Pour François Boucq, sans aucun doute l’un des meilleurs raconteurs d’histoires en images, qui excellait dans la composition de ses planches. "Il savait optimiser le cadrage, le déroulé des images, pour que sa composition apparaisse comme une évidence pour le spectateur".

Une composition parfaite, pour amener le regard du spectateur à l’endroit où l’on veut qu’il soit, pour lui permettre de suivre l’histoire confortablement.

Un sens du détail, exacerbé, pour rendre réel, ces grands espaces imaginaires qui lui étaient si chers, mais qui lui faisait pourtant défaut, lorsqu’il s’agissait de peaufiner les traits d’un personnage. "Si il devait fignoler par exemple, les cheveux de l’un de ses personnages, c’était pour lui, un exercice extrêmement laborieux.
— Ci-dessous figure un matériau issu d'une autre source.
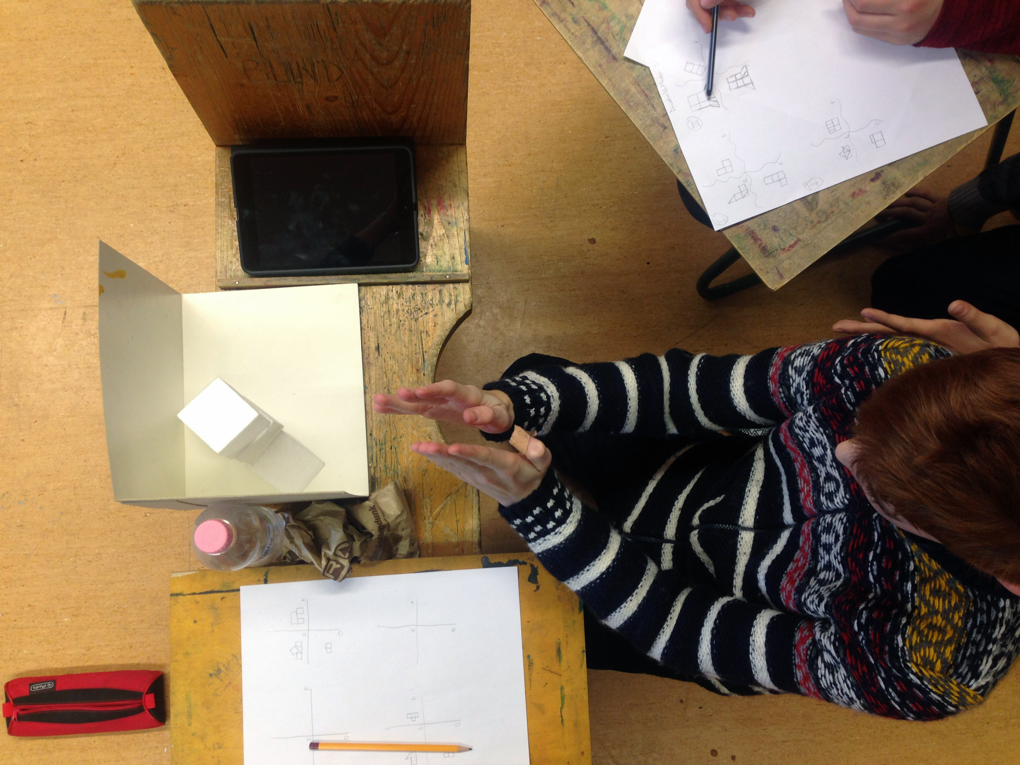 I think, on one hand this is a bit boring, and on the other hand involves too many transformations: we’re looking at a 2D image made based on 3D, we have to imagine it in 3D, and have to draw it without modeling, in 2D. That’s why I wanted a task that only exercises the 2D-3D transformation.

Il y mettait comme une sorte de résistance intérieure".

Valérian, Histoire d'une création (2017) ©Un film d'Avril Tembouret © Rosebud productions / Delastre films 2017

La complexité sans aucun doute des grands créateurs

Un immense créateur, c’est également l’image que garde en mémoire Pascal Mériaux, le directeur du festival de bandes dessinées d’Amiens. "Entre le festival d’Amiens et ce dernier monstre du journal Pilote, c’est une longue histoire".

Une histoire qui débute un an après la création du festival en 1997, pour lequel Jean-Claude Mézières va réaliser un dessin en hommage à l’illustrateur et scénariste Paul Gillon, qui un an, avant lui, en 1983 avait obtenu le Grand Prix de la BD d’Angoulême.
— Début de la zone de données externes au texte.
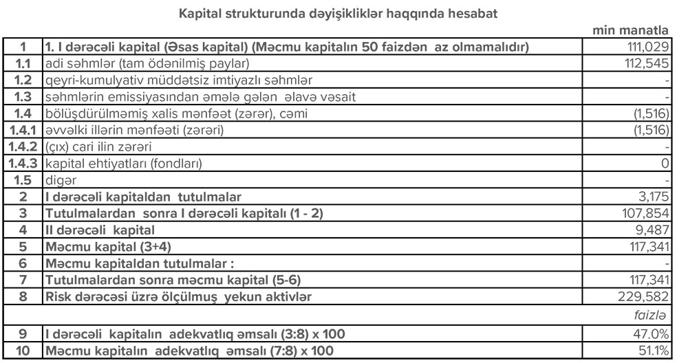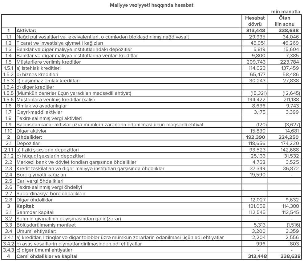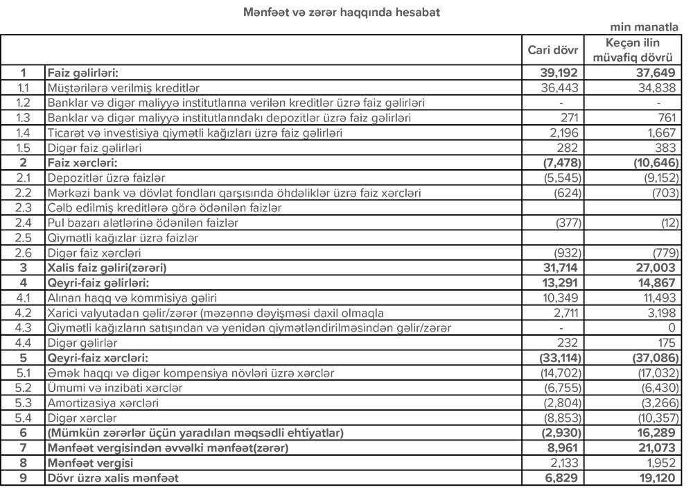 Bankın faiz gəlirliyi ötən ilin müvafiq dövrü ilə müqayisədə 4% artaraq 39.2 milyon manat, hüquqi şəxs və fərdi sahibkarlar üzrə haqq və komissiya gəlirləri isə 22% artaraq 3.7 milyon manat təşkil edib.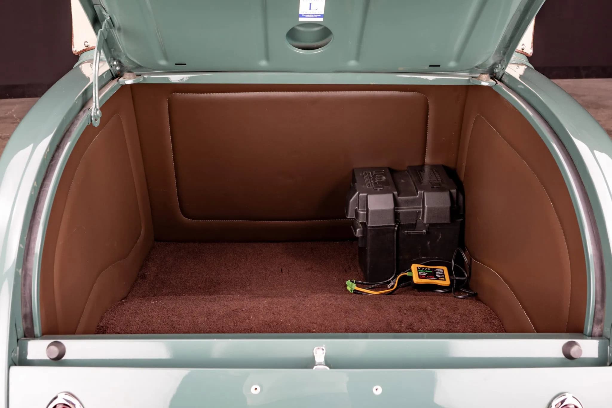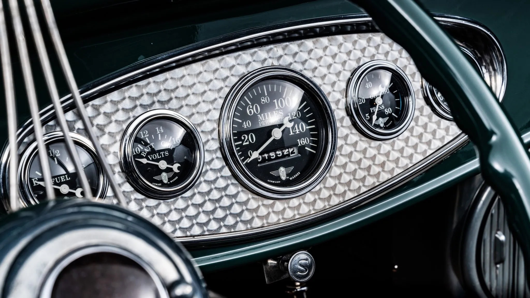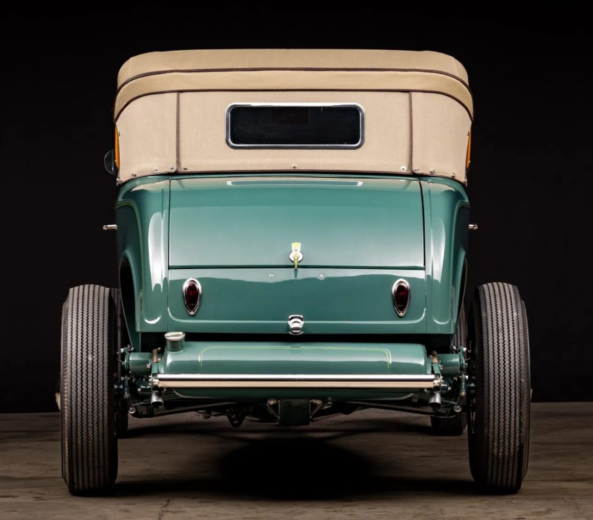 Il y a aussi des triangles de suspension de 1932 et des amortisseurs Houdaille. Le pont arrière provient d’une Ford de 1936. Des freins à tambour hydrauliques de 1940 ont été montés sur les quatre roues. L’équipement intérieur provient également de chez “LeBaron Bonney”, et un chauffage sous le tableau de bord est installé. Un volant de type banjo 1939 a été installé, ainsi que des instruments Stewart-Warner intégrés dans un cerclage tourné.

"En 1998, se souvient Pascal Mériaux, nous avons également exposé plus d’une centaine des planches que Jean-Claude Mézières avait réalisées pour ‘le Cinquième Elément’ de Luc Besson".

Exposées également, les planches des albums "Valérian" quelques années plus tard en 2014, à la bibliothèque d’Amiens.

Des collaborations, et le souvenir également, pour le directeur du festival d’Amiens, d’un homme doté d’une grande chaleur humaine, "c’était sa grande force, être à l’écoute, avec cette capacité à transformer les demandes qui lui étaient adressées, en quelque chose de solaire".

Un immense dessinateur dont Pascal Mériaux retient surtout, cette incroyable inventivité, pour des mondes qui n’existent pas. Comme une puissance de l’imaginaire à jamais assouvie.

Décédé dans la nuit du 23 janvier 2022 à l’âge de 83 ans, celui qui apparaissait comme avant-gardiste à ses débuts, à une époque où la science-fiction intéressait peu d’auteurs de bandes dessinées, laisse aujourd’hui les amoureux du 9ème art, orphelins. Le monde de la bande dessinée en deuil.

NB : après "22 albums", traduits dans "une vingtaine de langues", l’éditeur Dargaud propose une collection dans laquelle il invite des auteurs à revisiter l’histoire de "Valérian" et "Laureline" sous forme de one-shot. S’y sont déjà essayés Larcenet, Lauffray et Lupano.

Devrait paraître prochainement celui de la dessinatrice Virginie Augustin.